Exercise brief: Give back exactly the lines of the material below that start at the one holding "Magpadala ng nakakatawang" and end at the last line, minus the pictures.

Supplied material:
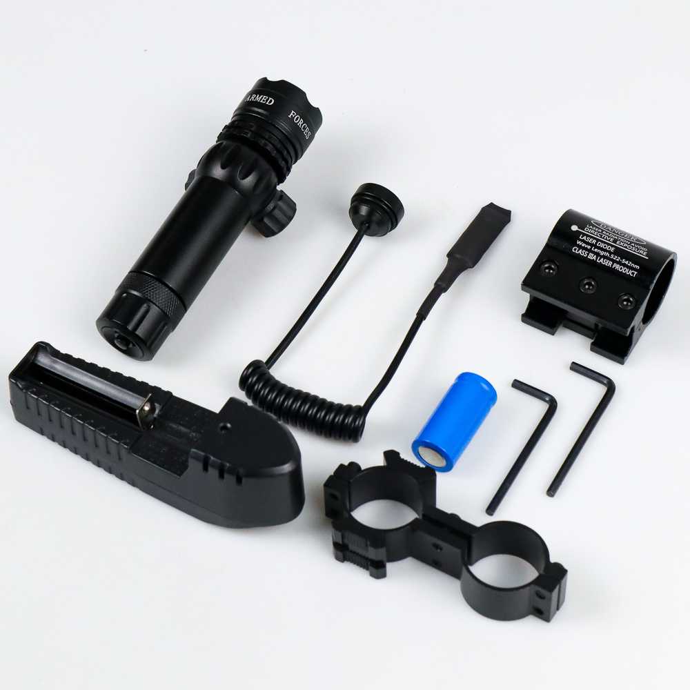 Tactical Green Dot Laser Scope Mount+Baterai+Charger / Laser Leser Nyala Warna Hijau Dot Tactical Sight Scope Teleskop Bunshell Titik Tembak Senapan Angin Siang Malam Jarak Jauh 20Km Pcp Berburu Carger Cas Casan Baterai Anti Getar Airsoft Murah Original
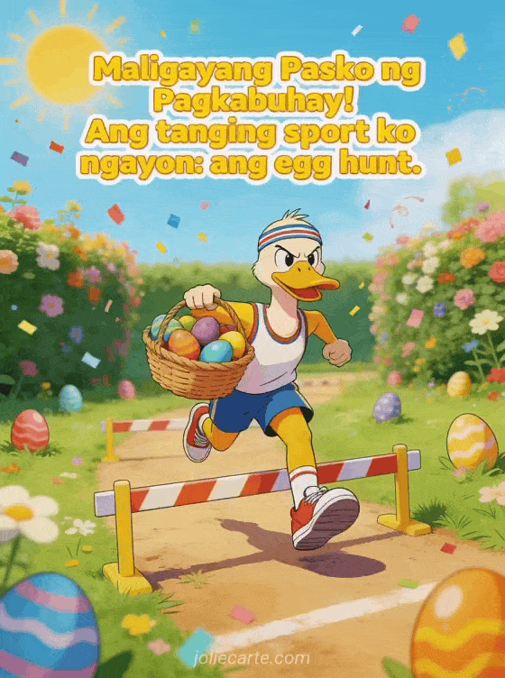 Magpadala ng nakakatawang GIF ng Pasko ng Pagkabuhay na may isportang bibe na tumatakbo sa hardin na naghahanap ng mga itlog. Ang tanging sport na dapat gawin ngayon! Tuklasin din ang nakakatawang mga larawan ng Pasko ng Pagkabuhay o GIF ng Pasko ng Pagkabuhay na may humor at nakakatawang card ng Pasko ng Pagkabuhay.
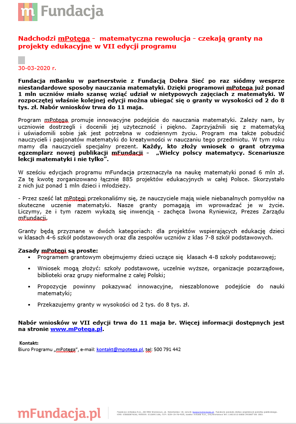 INFORMACJA DLA CZYTELNIKÓW
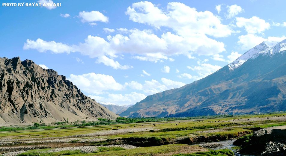 Follow the Panj River through lush valleys. Visit Chashma Shalak hot springs before arriving in Kapkot Village.

Answer below:
 Magpadala ng nakakatawang GIF ng Pasko ng Pagkabuhay na may isportang bibe na tumatakbo sa hardin na naghahanap ng mga itlog. Ang tanging sport na dapat gawin ngayon! Tuklasin din ang nakakatawang mga larawan ng Pasko ng Pagkabuhay o GIF ng Pasko ng Pagkabuhay na may humor at nakakatawang card ng Pasko ng Pagkabuhay.
 INFORMACJA DLA CZYTELNIKÓW
 Follow the Panj River through lush valleys. Visit Chashma Shalak hot springs before arriving in Kapkot Village.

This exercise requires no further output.